[Entries supplied Boundary: Start]
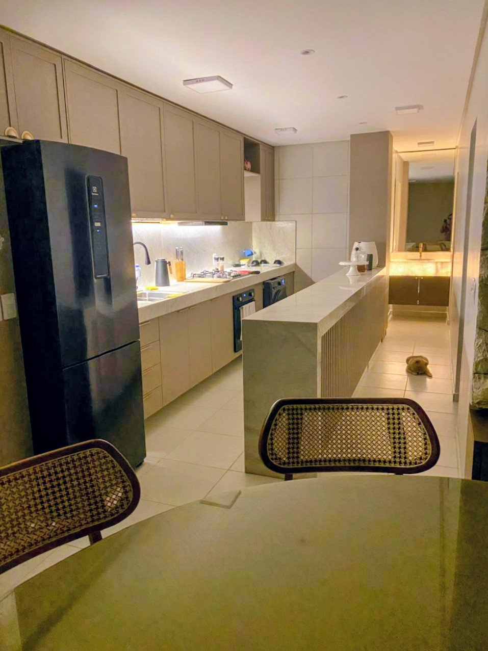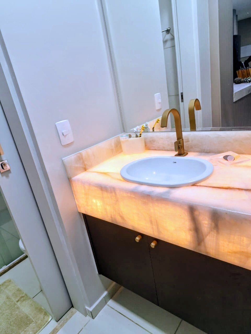 O diferencial é que o apartamento está sendo vendido na modalidade porteira fechada, incluindo móveis projetados, cozinha equipada com eletrodomésticos, camas e demais móveis – perfeito para investidores que buscam um imóvel pronto para locação por temporada em plataformas como Airbnb e Be My Guest. A cozinha possui bancada e pia em mármore Calacatta, os banheiros têm pias em travertino e ônix, com detalhes em pedra fogo na sala, que conferem um acabamento elegante e sofisticado.
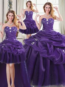 Pretty Four Piece Sleeveless Organza Floor Length Lace Up Quinceanera Dresses in Purple for with Beading and Appliques and Pick Ups
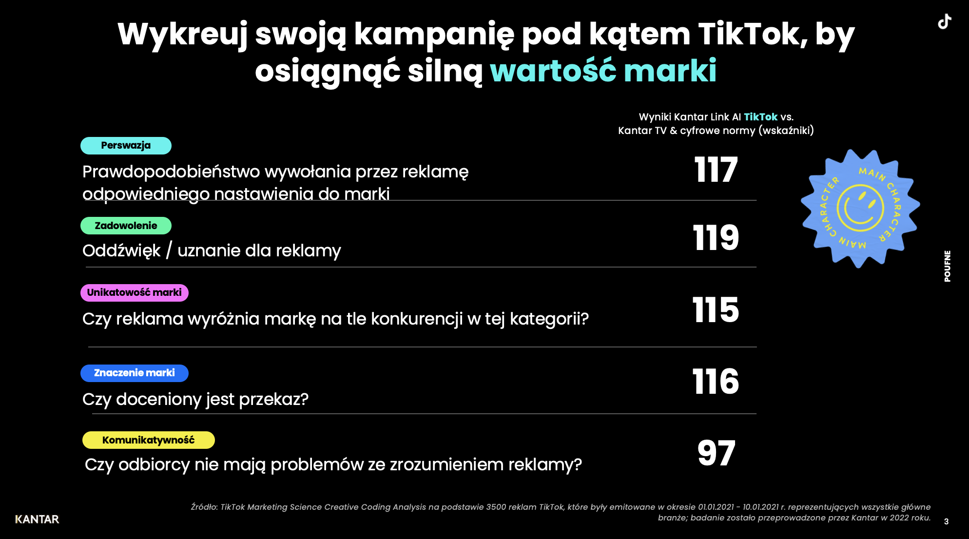 Według analizy Kantar LinkAI ponad 3500 zbadanych reklam na TikToku przekroczyło założone normy cyfrowe i telewizyjne o 15–20%. Dotyczy to wielu różnych wskaźników, w tym: perswazji (prawdopodobieństwa, że reklama wywoła odpowiednie nastawienie u odbiorcy), znaczenia marki (docenianie przekazu) oraz przyjemności związanej z interakcją (realizacja i oddziaływanie reklamy). Mówiąc prościej: reklamy lubiane przez widzów są skuteczniejsze [5].
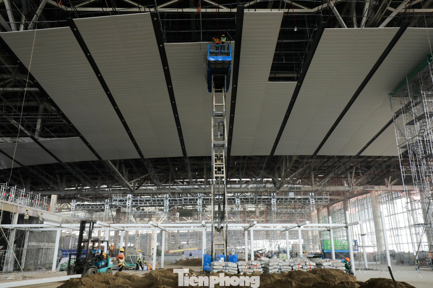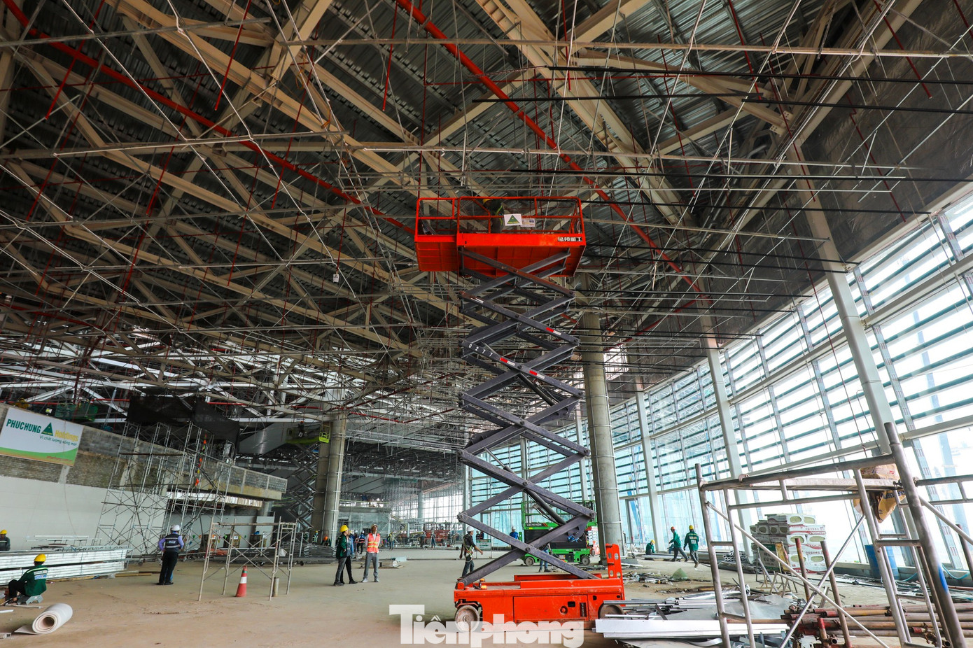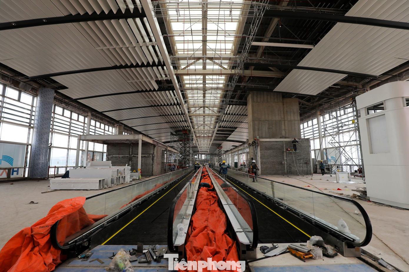 Bên trong nhà ga, ba tầng đang đồng loạt thi công lợp trần, lát nền, phòng chức năng, băng chuyền. Mặt bên ngoài nhà ga cũng đang lắp kính được khoảng 80%. Theo nhà thầu, diện tích kính phủ bề mặt nhà ga khoảng 70.000 m2.
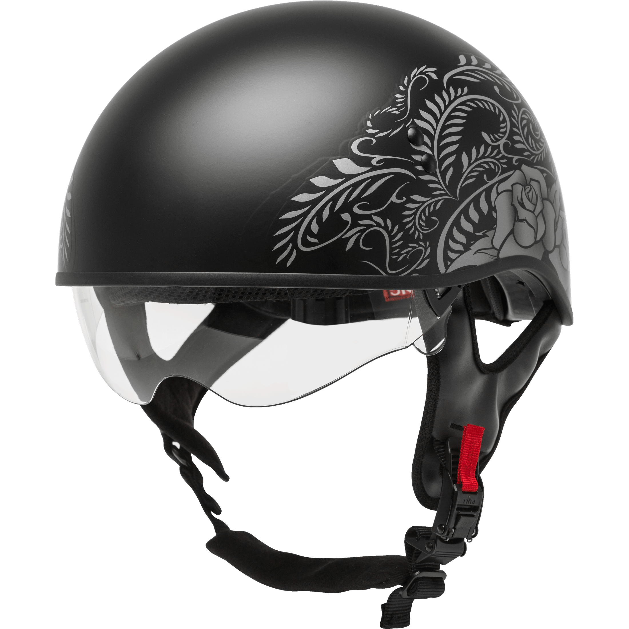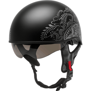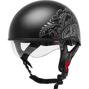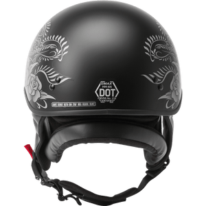 GMAX HH-65 HALF HELMET ROSE NAKED MATTE BLACK/SILVER MD
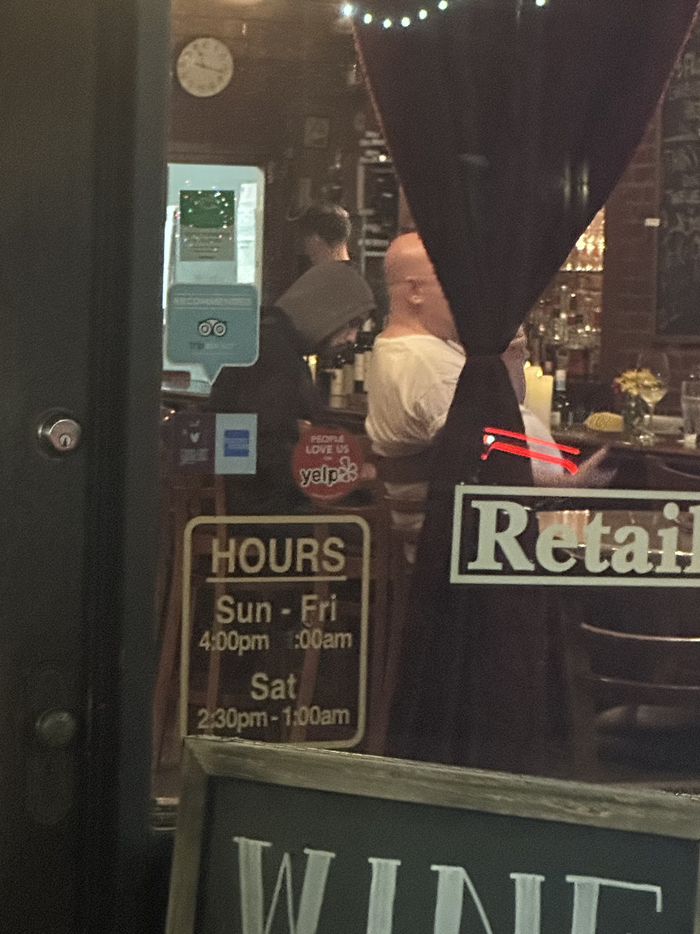 Read moreWe stopped in at around 8:30 after our anniversary dinner with plans on ordering the baked brie and a bottle of wine. We stood at the bar for around ten minutes waiting to be served and it was apparent that all of the attention was on the private comedy show in the back room. When we were finally able to order a drink, we were told that the $9 cabernet on the board was sold out without offering an alternative, we then ordered 2 glasses of the $9.00 blend, and were told that the total was actually $21.60 due to tax. Apparently the older female bartender adds a 20% tip to each order. We only drank half of the wine as it was too sweet, we had to ask for our own glasses of water, and no one asked us if we wanted to see a menu. Very disappointing experience, and put a damper on our anniversary celebration. Hate to leave a negative review as it's hard to find good help these days, but we're still disappointed...
[Entries supplied Boundary: End]
(The task):
Please retype the records above exactly, but leave out any pictures.

(Response):
 O diferencial é que o apartamento está sendo vendido na modalidade porteira fechada, incluindo móveis projetados, cozinha equipada com eletrodomésticos, camas e demais móveis – perfeito para investidores que buscam um imóvel pronto para locação por temporada em plataformas como Airbnb e Be My Guest. A cozinha possui bancada e pia em mármore Calacatta, os banheiros têm pias em travertino e ônix, com detalhes em pedra fogo na sala, que conferem um acabamento elegante e sofisticado.
 Pretty Four Piece Sleeveless Organza Floor Length Lace Up Quinceanera Dresses in Purple for with Beading and Appliques and Pick Ups
 Według analizy Kantar LinkAI ponad 3500 zbadanych reklam na TikToku przekroczyło założone normy cyfrowe i telewizyjne o 15–20%. Dotyczy to wielu różnych wskaźników, w tym: perswazji (prawdopodobieństwa, że reklama wywoła odpowiednie nastawienie u odbiorcy), znaczenia marki (docenianie przekazu) oraz przyjemności związanej z interakcją (realizacja i oddziaływanie reklamy). Mówiąc prościej: reklamy lubiane przez widzów są skuteczniejsze [5].
 Bên trong nhà ga, ba tầng đang đồng loạt thi công lợp trần, lát nền, phòng chức năng, băng chuyền. Mặt bên ngoài nhà ga cũng đang lắp kính được khoảng 80%. Theo nhà thầu, diện tích kính phủ bề mặt nhà ga khoảng 70.000 m2.
 GMAX HH-65 HALF HELMET ROSE NAKED MATTE BLACK/SILVER MD
 Read moreWe stopped in at around 8:30 after our anniversary dinner with plans on ordering the baked brie and a bottle of wine. We stood at the bar for around ten minutes waiting to be served and it was apparent that all of the attention was on the private comedy show in the back room. When we were finally able to order a drink, we were told that the $9 cabernet on the board was sold out without offering an alternative, we then ordered 2 glasses of the $9.00 blend, and were told that the total was actually $21.60 due to tax. Apparently the older female bartender adds a 20% tip to each order. We only drank half of the wine as it was too sweet, we had to ask for our own glasses of water, and no one asked us if we wanted to see a menu. Very disappointing experience, and put a damper on our anniversary celebration. Hate to leave a negative review as it's hard to find good help these days, but we're still disappointed...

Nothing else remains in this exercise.